About Internet Gateways

Internet gateways enable instances in a Virtual Private Cloud (VPC) to be directly connected to the Internet. Internet gateways can be used as target in route tables for network traffic directed to the Internet.

An Internet gateway is a component that you can attach to a VPC to enable direct communication between your instances in this VPC and the Internet.

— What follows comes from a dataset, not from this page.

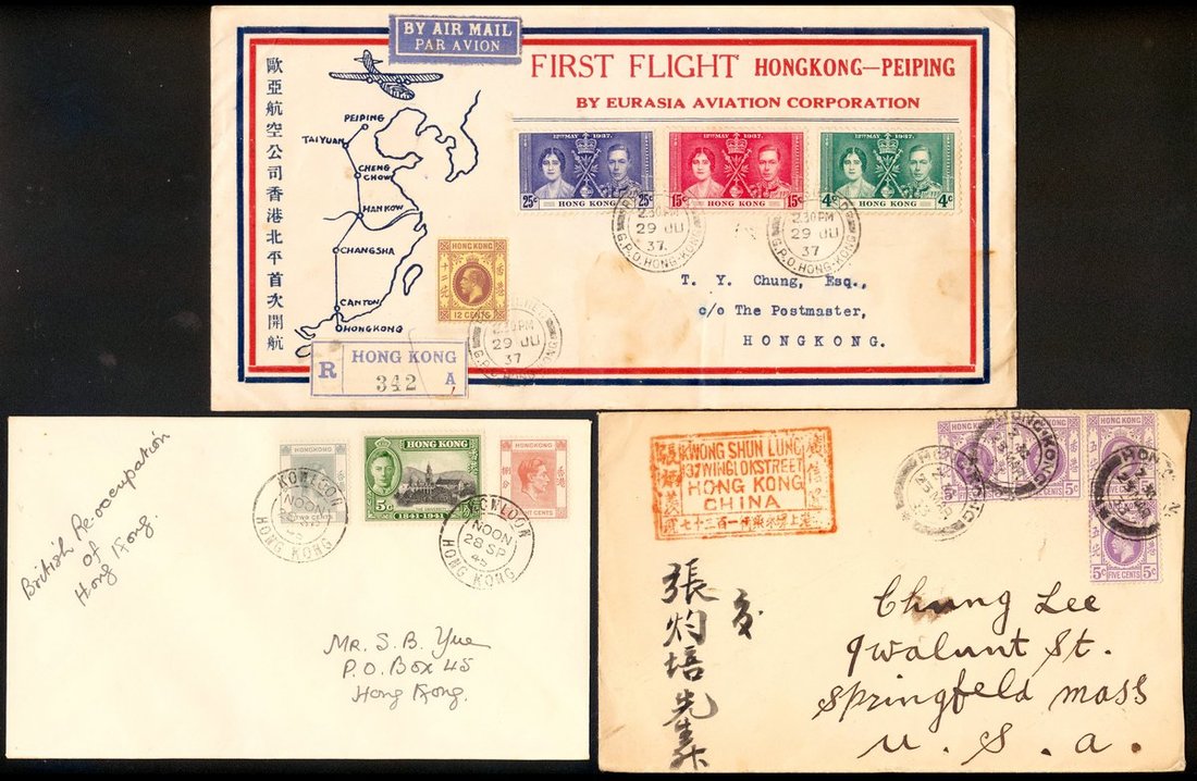1933 (23 Mar.) -1945 (28 Sept.) a small group of three covers, included 1933 to U.S.A. cover; 1937 Hong Kong-Peiping First Flight cover with full set of Coronation Issues; 1945 to Hong Kong local cover.

To do so:

  • You need to create a route in the route table of one or more subnets directing Internet traffic to the Internet gateway.

  • Instances in these subnets must have an External IP (EIP) associated with them.

  • You need to add appropriate rules allowing traffic to and from the Internet to the security group of these subnets.

Public Subnet and Internet Gateway Architecture

sch General InternetGateways

As instances are only aware of the private IP space of the VPC and subnet, the Internet gateway performs Network Address Translation (NAT) for your instances using their EIP. When traffic leaves the VPC subnet to the Internet, the Internet gateway sets the reply address field to the EIP associated with the instance instead of the instance private IP. When traffic comes from the Internet to an EIP associated with an instance, the Internet gateway translates this EIP into the instance private IP before traffic reaches the VPC, enabling it to reach the instance.

When creating a route to the Internet gateway in the subnet route table, you can use the 0.0.0.0/0 CIDR block as destination to scope all the destinations that are not explicitly routed in the route table, or you can use a smaller range of IPs corresponding, for example, to the public IPs of your internal network.

In a VPC, the Maximum Transmission Unit (MTU) is limited to 1500 bytes for packets directed to the Internet using an Internet gateway.